Wednesday, 12 March 2014

David Case - The Hunter

The Pan Books Of Horror were a rite of passage for my generation, similar to the next generation and video nasties. We had to read and use our imaginations.


The Twelfth Pan Book Of Horror (with a cover featuring a skeleton emerging from ice) featured a long short story (sic) called The Hunter. In fact, it takes up about half the book. It's a wonderfully English tale set on Bodmin Moor so I was very surprised to find out that David Case was American.

You wouldn't know it from the story, apart from a God-Damn and an I guess.

A penny-pinching hiker is perambulating across Bodmin Moor when he discovers a body, brutally savaged - and headless.

Cut to Wetherby in The Venturers Club, both a little past their prime. Our man has retired from big-game hunting and the club is now open to long-haired youngsters who don’t share the same passion for the hunt or exploration as the original members.

His quiet evening is interrupted by the arrival of old member Justin Bell. Bell is a no-nonsense copper whose membership only just got though on the basis of (or despite) his job.

Bell clues Wetherby in on the savage killing in Bodmin. The police are baffled (?!) and Bell thinks his old friend’s skills will help. Coincidentally, there’s another Venturer, the enigmatic Byron, who lives nearby. He has declined to assist the Old Bill.

Wetherby, enthused by the chance to reignite his old way of life, and intrigued (though not surprised) by Byron’s refusal to help, agrees to assist – and they have to set off earlier than expected because there’s been another savage killing.

A commercial traveller had run out of petrol not far from the scene of the first killing, and upon leaving his car in the pouring rain, met with a bloody end and the loss of his head. I like what Case did with this character, a reversal of the usual commercial traveller arc.

Wetherby and Bell investigate. It seems that the creature walks bipedally towards its intended victim, charges on all fours to the kill, slashes away with savage claws…but how does it decapitate the target so cleanly….and what about tracks away from the corpse….?

A journalist shows up, fomenting disdain amongst the investigators (Case does a good job of humanising him) and, knowing the sort of hysterical headline his editor wants, begins to suggest lycanthropy. Anyone familiar some of Case’s other work (The Cell, Among The Wolves) will know that this may not be too far from expectations.

We have a pub called The King’s Torso with irascible landlord, a scene that really frightened me as a nipper – the discovery of the third victim, and Wetherby’s realisation that perhaps it’s been too long, and his idea of patrolling the moor alone at night to draw out the beast was not such a good idea.

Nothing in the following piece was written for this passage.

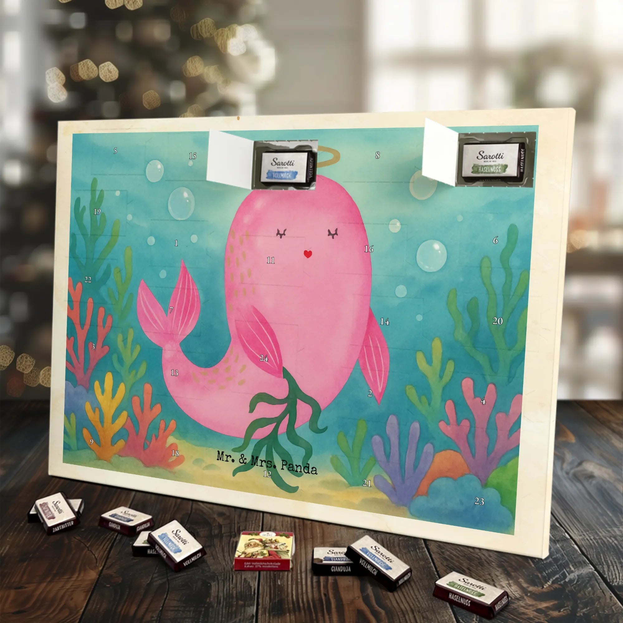 Wunderschöner Schoko Adventskalender von Mr. & Mrs. Panda – perfekt für alle, die die Vorweihnachtszeit mit süßen Momenten feiern möchten. Unser Adventskalender ist liebevoll bedruckt mit zauberhaften Motiven und freundlichen Sprüchen von Mr. & Mrs. Panda. Die brillante Druckqualität und die seidenmatte Oberflächenveredelung lassen die Farben sanft und edel wirken, während die bedruckten Seitenflächen den besonderen Look abrunden. Der Kalender ist nicht personalisierbar, dafür aber vielseitig: Du kannst ihn aufstellen oder ganz einfach an der Wand aufhängen. Gefüllt ist der Kalender mit hochwertiger Markenschokolade: 24 einzeln verpackte Schokoladentäfelchen in vier leckeren Geschmacksrichtungen von Sarotti® und Confiserie Heidel® – Vollmilch, Nougat, Zartbitter und Haselnuss. Insgesamt enthält der Kalender 107 g Markenschokolade von Sarotti® und Confiserie Heidel®. Die kompakte Bauweise macht ihn zum dekorativen Hingucker auf dem Sideboard, auf dem Esstisch oder als besonderes Geschenk für Freundinnen, Familie und liebe Menschen. Maße: 355 mm x 245 mm x 11 mm. Mit diesem Schoko Adventskalender schenkst du kleine Freuden und zauberhafte Vorfreude auf die schönsten Tage des Jahres – ganz im gemütlichen Stil von Mr. & Mrs. Panda.
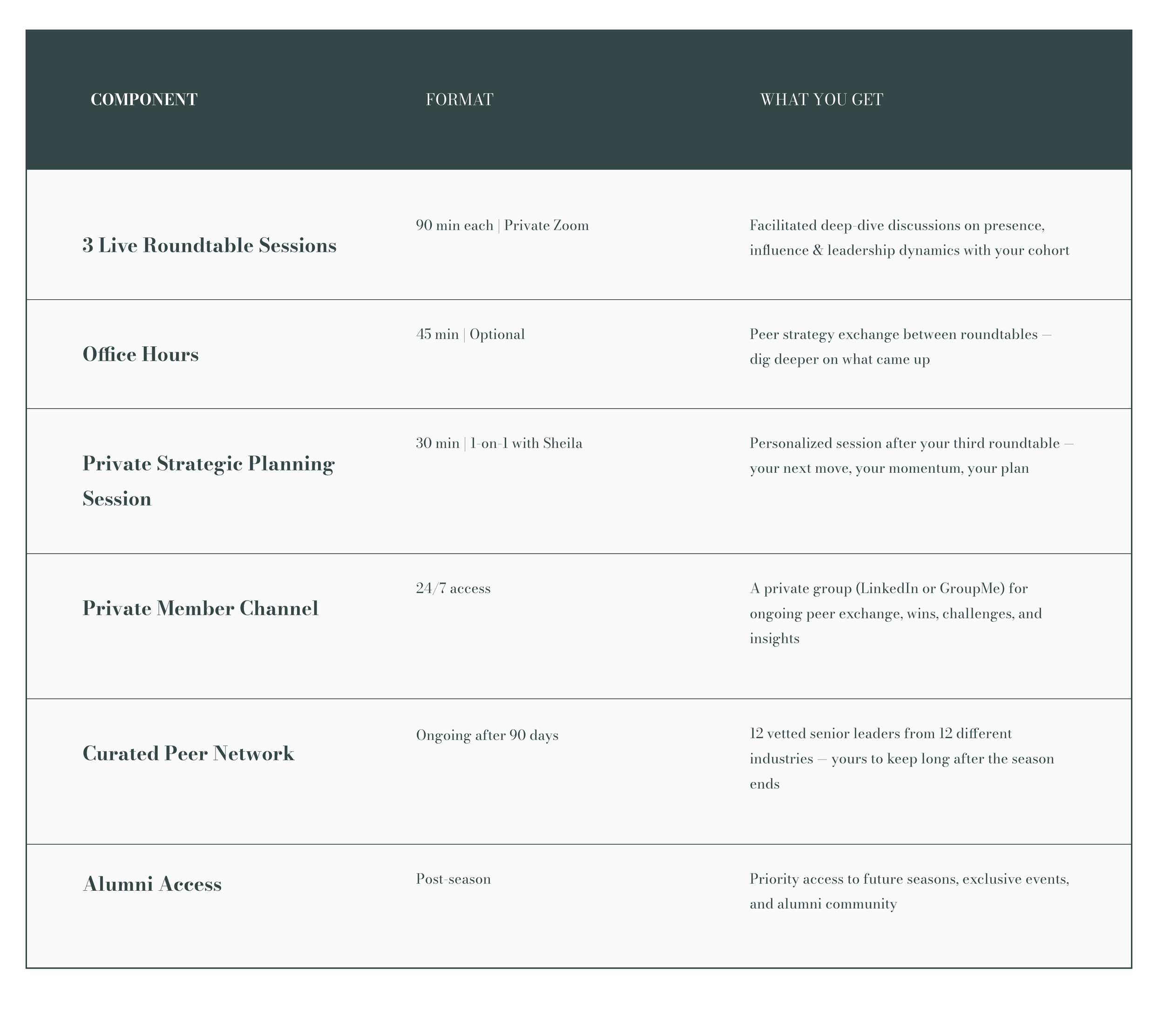 12 vetted senior leaders from 12 different industries — yours to keep long after the season ends

It’s a cracking tale, full of nostalgic goodness for me. Probably unworkable these days due to mobile phones, although the remoteness of the moor might bugger up signals.

Byron, with his peculiar philosophy of what living means, meanders through the story, highlighting Wetherby’s decline and normality, and giving off an aura of Nietzschean superpower.

The ending is somewhat anticlimactic but it’s a great journey.

I’ve managed to track down a US TV movie based upon the story, called Scream Of The Wolf. It doesn’t seem to be highly thought of, despite the involvement of Dan Curtis and Richard Matheson. We shall see.